Das sagte der Präsident des Bundesverbands der Deutschen Gas- und Wasserwirtschaft, Uwe Steckert, der «Westdeutschen Allgemeinen Zeitung». Der Rückgang des Ölpreises, an den der Gaspreis gekoppelt ist, sei nicht stark und nachhaltig genug gewesen. Bei einem anhaltenden Trend zu günstigerem Öl wären zur Jahresmitte aber Preissenkungen möglich.

Angesichts von Boykott-Aufrufen gegen die teils mehrfachen Tarif- Anhebungen im vergangenen Jahr deutete der Verbandschef rechtliche Schritte an. «Es wird wohl Klagen gegen Kunden geben müssen, die ihre Rechnungen nicht bezahlen.» Bei den Aktionen handele es sich um einen «Boykott mit sittenwidriger Schädigungsabsicht». Dies könne Stadtwerke letztlich kaputt machen.

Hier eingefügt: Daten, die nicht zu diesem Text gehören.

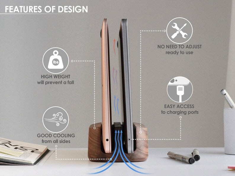 Maximize your workspace and keep your desk organized with our sleek Vertical Holder for Multiple Laptops. Designed to accommodate MacBooks and other laptops, this stand offers a space-saving solution that blends functionality with modern aesthetics.
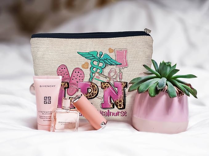 Ayxvt LPN Licensed Practical Nurse Cosmetic Bag,Retro Gorgeous Pink Leopard Clipart Decorative Women's Makeup Bag Zipper Pouch Travel Toiletry,Nurse's Day Nurse Graduation Gifts for Nurse Women Girls
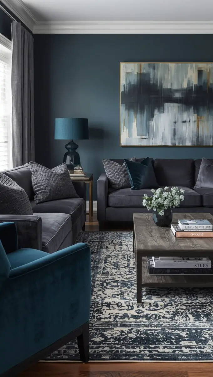13 Industrial Living Room Ideas!7. Go Moody With Dark Teal and Charcoal
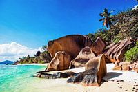 Een lang strand met vele kleine baaien in het eilandenparadijs van de Seychellen, in het midden van de Indische Oceaan. Blauwe hemel, kristalhelder turkoois water, geel strand met fijn zand, kleine en grote exotisch gevormde rotsen met weelderige groene tropische vegetatie. Dit is het droomstrand Anse Source d'Argent op het eiland La Digue. Dit werk werd gemaakt met behulp van verschillende gemengde technieken en digitale schildertechnieken op basis van een foto die door de kunstenaar werd genomen.
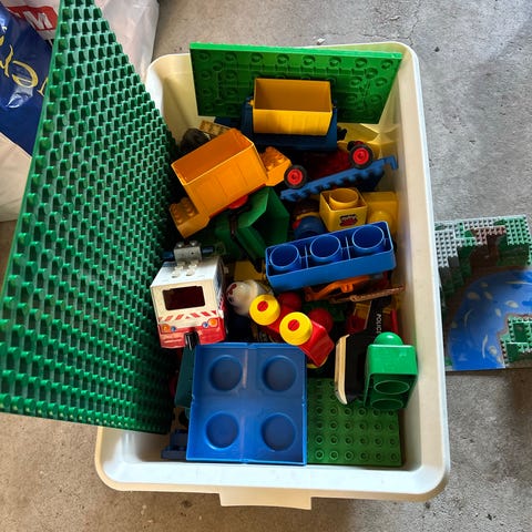 Låda med blandat duplo, några bilar, tåg och figurer samt en stor grön byggplatta
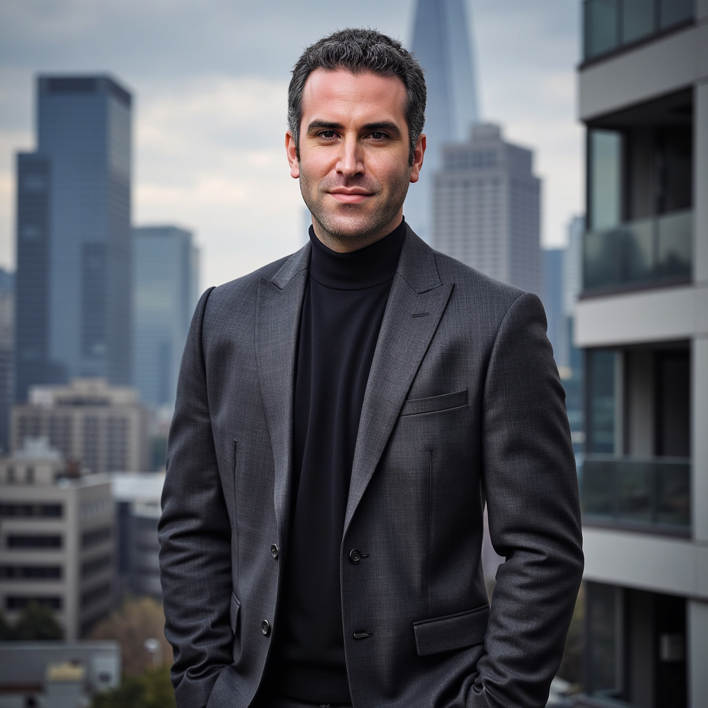 man wearing a charcoal gray turtleneck sweater, with his chin slightly raised, exhibiting elegant and deliberate posture. The studio's soft, directional lighting sculpts his features, casting subtle shadows that highlight the contours of his face. The backdrop is a seamless, deep slate grey, providing a minimalist and sophisticated frame for the portrait.
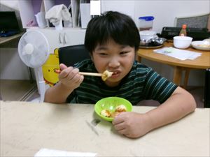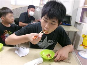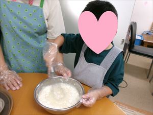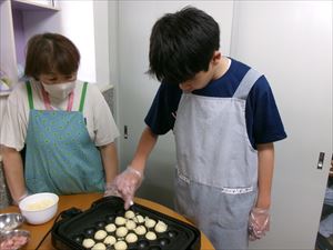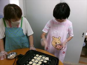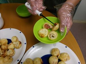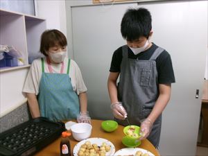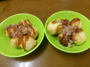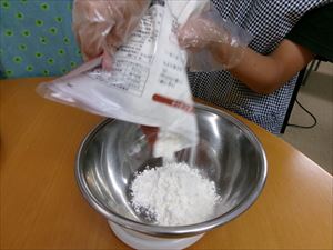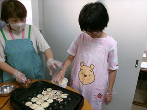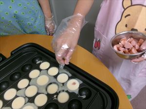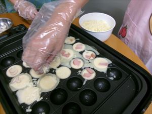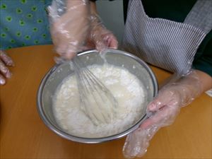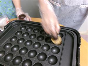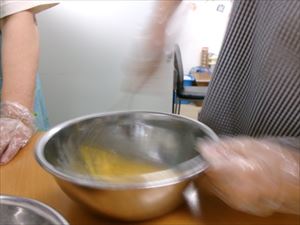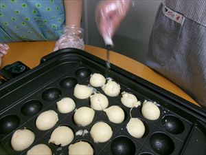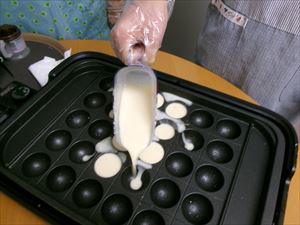 たこ焼き粉や水、卵などを混ぜ合わせ生地を作ります。

Steckert äußerte Verständnis, dass sich Bürger über höhere Ausgaben ärgern. Mit den Preiserhöhungen gebe die Branche jedoch höhere Einkaufspreise an die Kunden weiter. «Das Raffke-Image haben wir nicht verdient.»

Der Bund der Energieverbraucher in Rheinbreitbach bei Bonn kritisierte zwar die angekündigten Klagen als unfaire Einschüchterung. Zugleich hieß es aber, die Verbraucher hätten einen Anspruch darauf, dass die Gasversorger vor Gericht ihre Kalkulationsgrundlagen offen legten.

«Es steht Herrn Steckert frei, sich endlich von dem Odium (übler Beigeschmack) zu befreien, indem er seine Zahlen offen legt», sagte der Vorsitzende des Energieverbraucherbundes, Aribert Peters. Wenn Kunden die Erhöhungen nicht zahlten, so gehe es nicht um Rechtsbruch. «Sondern das sind einfach zwei Parteien, die unterschiedlicher Meinung sind. Und dann ist das im Gesetz festgelegte Verfahren, dass ein Gericht über Preiserhöhungen entscheidet», sagte Peters.